▶ [Task]: Transcribe exactly, and without pictures, only the lines from the one bearing "Boasting a 75" through the final line of the data below.

Data records
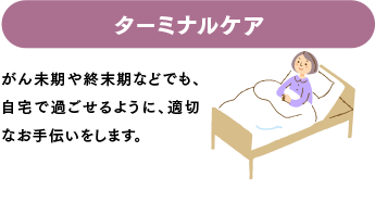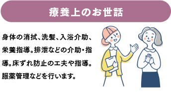 病気や障害を持った人が、住み慣れた地域やご家庭でその人らしく療養生活を送れるように、看護師がご利用者様のご家庭に訪問し、かかりつけ医の指示により病状や療養生活を専門の視点で見守り、適切な判断に基づいたケアとアドバイスを提供いたします。安心して在宅での療養生活が送れるように支援するサーピスです。
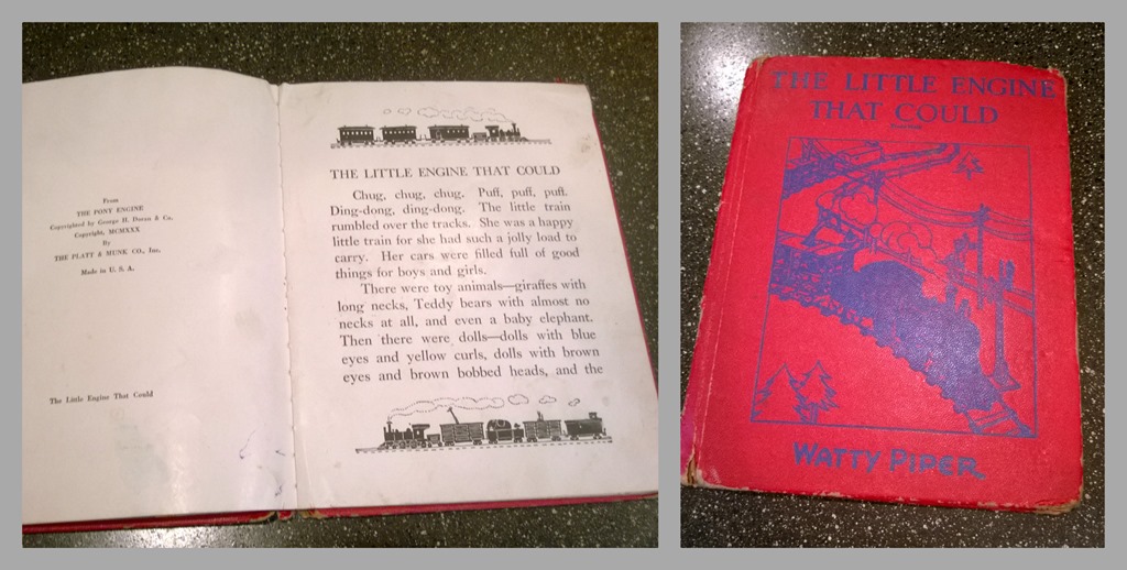 Being a first year teacher is hard.  To compound things I am, as you know, a mother to two boys.  We also just moved to Arizona from Washington and Husband is currently very busy helping his aged father gracefully navigate the state of befuddlement he is rapidly descending into. Life is very challenging for me right now and if I stop to think about it all, or even focus on just a tiny corner, tears spring to my eyes.  I feel I need to work harder, do better at, be better in almost all areas.  I am tired and my mind spent when I get home from teaching everyday.  I am struggling to stay one day ahead. And so on the weekends, I wake up early.  I get dressed, laced up my shoes, and tiptoe out the door with Haley, our dog, happily tugging at the leash.  Most mornings I get out alone (well, me and Haley get out alone).  Sometimes Cody wakes up and wants to join us creating an entirely different walking dynamic. This morning it was just Haley and I.  We walked for almost an hour.  The city woke up around us.  The pieces of my mind that I felt I lost during the week, slowly returned to me with each passing step.  But that was not all I found on my walk this morning. I found three quarters and two pennies.  Not a bad find for a morning walk. But it gets better.  As Haley and I rounded a corner in a quiet neighborhood I spied a rather beat up looking thin red book lying face down where the road’s edge met up with some tuffs of struggling grass.  I am a book lover and so naturally I picked it up.  And turned it over. The Little Engine That Could Collage One of my favorite children’s books and one that holds great meaning for me.  Shortly after Cody was born, during the time he was in the hospital struggling to grow and survive, a friend of ours gave him a small version of The Little Engine That Could.  Symbolism. It is not in the greatest of shape, but not too shabby for a first edition 1930 hardbound book that was just lying there by the side of the road. The Little Engine That Could Page Little pieces of my mind, 77 cents, and The Little Engine That Could – all on a Saturday morning walk.
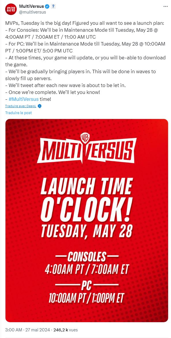 Si vous souhaitez savoir à quelle heure sort MultiVersus, eh bien, la réponse a été donnée directement sur le compte Twitter officiel de MultiVersus. Comme vous allez pouvoir le
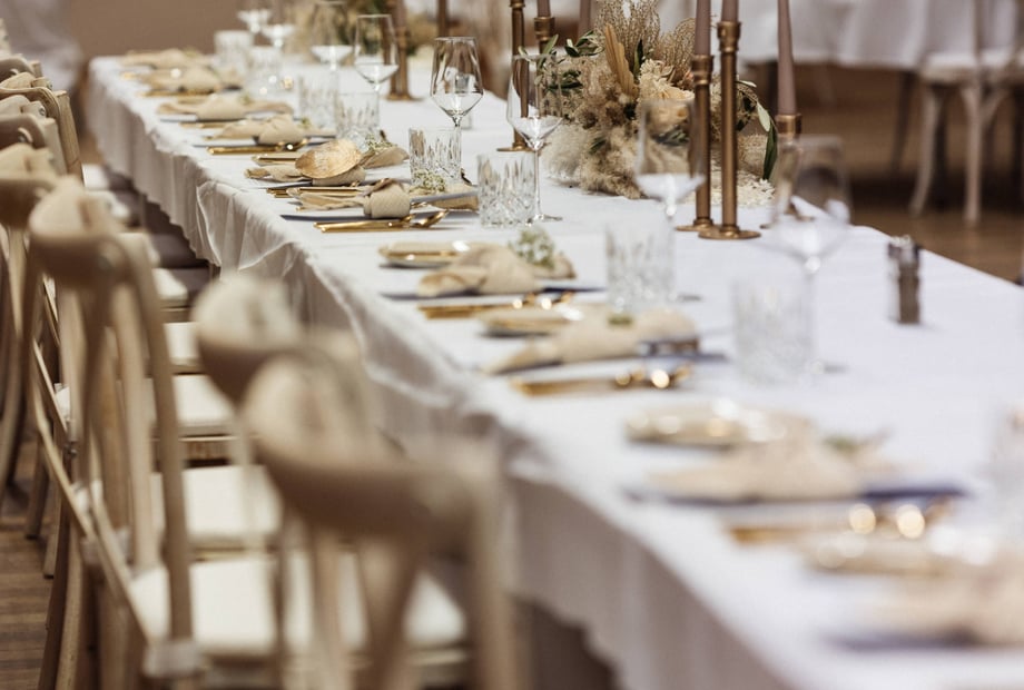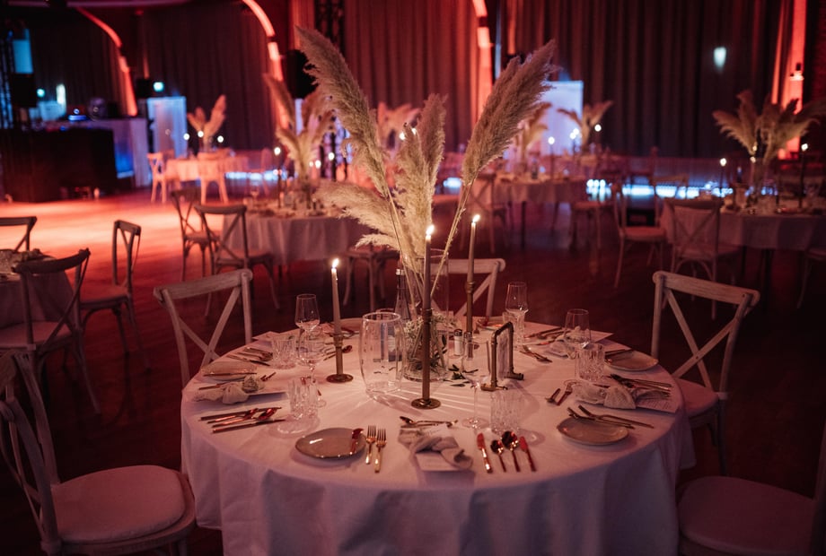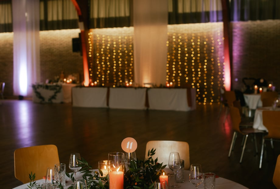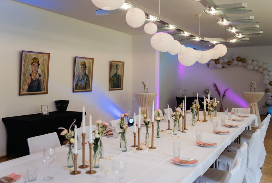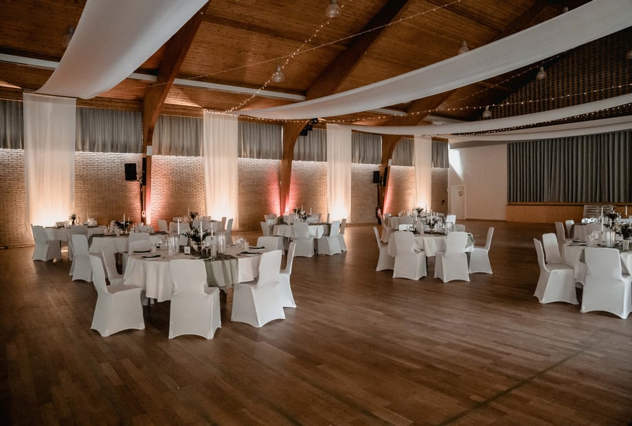 Einer der schönsten persönlichen Akzente, die wir bei einer Hochzeit erlebt haben, war der Moment, als das Brautpaar vor allen Gästen für 5 Minuten allein in den fertig geschmückten Saal kam.
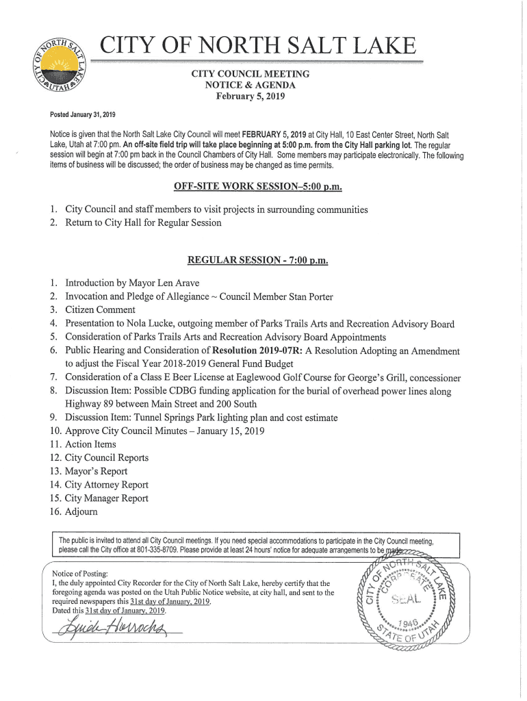 CITY OF NORTH SALT LAKE 10 East Center Street North Salt Lake, Utah 84054 (801) 3358700 Voice (801) 3358719 Fax www.nslcity.orgLEONARD K. GRAVE Mayor KEN LETHAL City ManagerMEMORANDUMTO:MAYOR AND
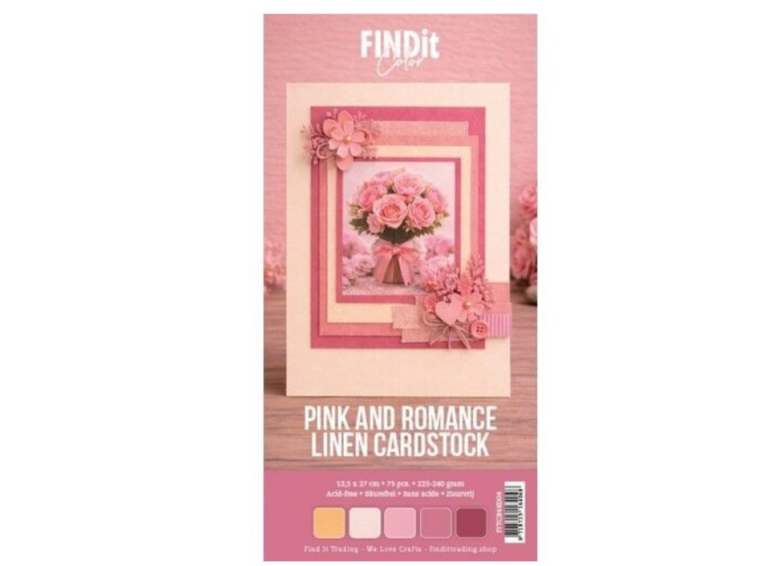 13,5x27cm "Pink Romance", 75 Blatt Linen Cardstock, 225-240gr, Find It Trading
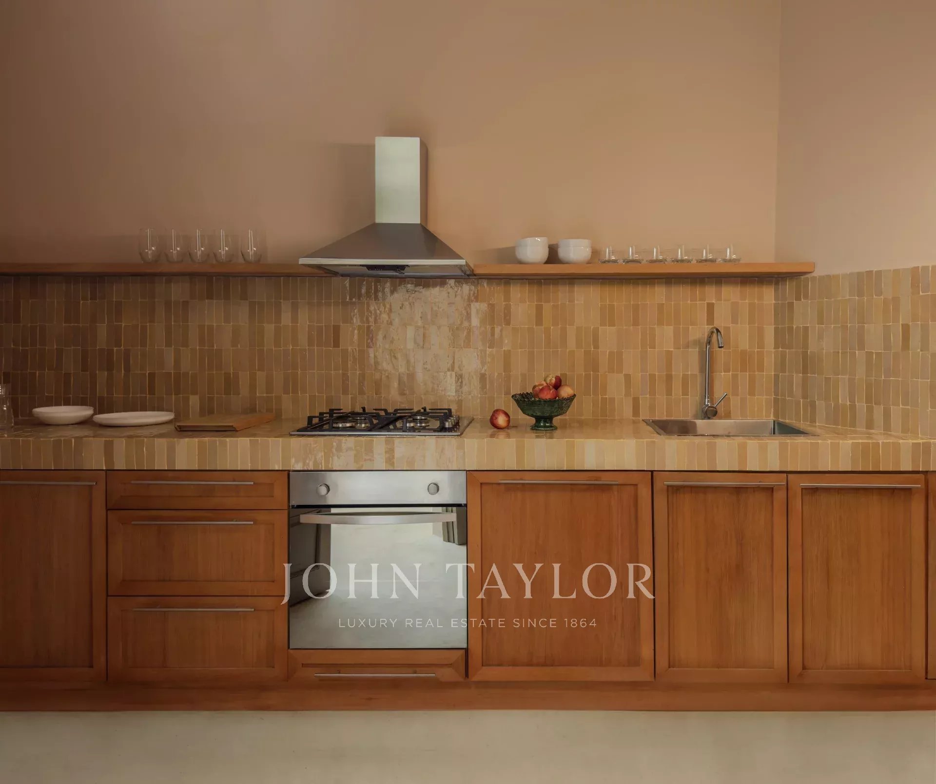 Boasting a 75 sqm footprint, it comprises on the ground floor around a handsome courtyard with plunge-pool and summer lounge: an entrance with guest loo, a superb fitted kitchen and a lounge with fireplace. The first floor comes with 2 spacious ensuite bedrooms.
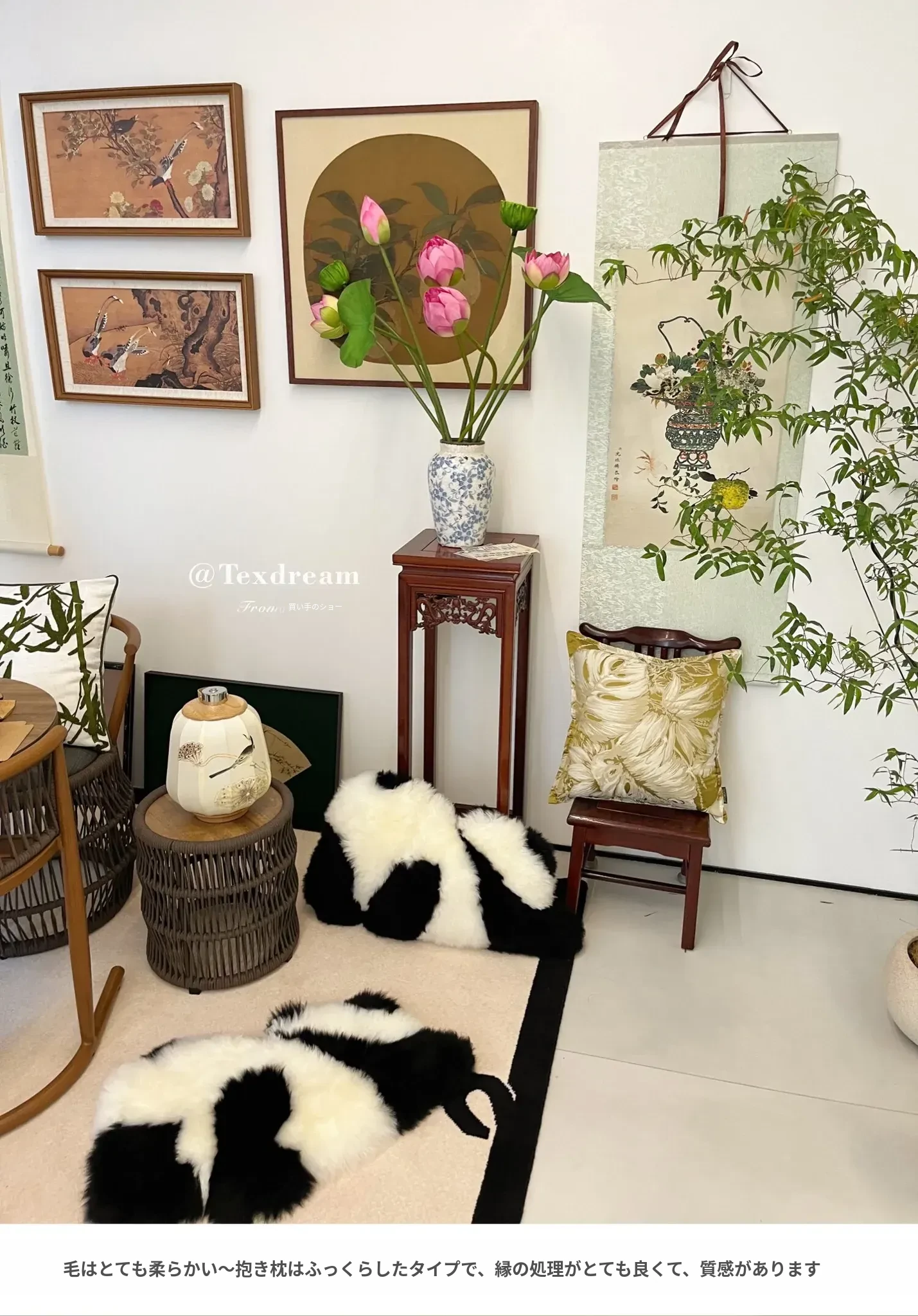 Texdreamのキュートなパンダ抱き枕!花柄デザインで、リビングやソファにぴったりのウールクッション。ふわふわの質感で、贈り物にも最適!あなたの空間に愛らしさをプラス!

▶ [Written answer]:
 Boasting a 75 sqm footprint, it comprises on the ground floor around a handsome courtyard with plunge-pool and summer lounge: an entrance with guest loo, a superb fitted kitchen and a lounge with fireplace. The first floor comes with 2 spacious ensuite bedrooms.
 Texdreamのキュートなパンダ抱き枕!花柄デザインで、リビングやソファにぴったりのウールクッション。ふわふわの質感で、贈り物にも最適!あなたの空間に愛らしさをプラス!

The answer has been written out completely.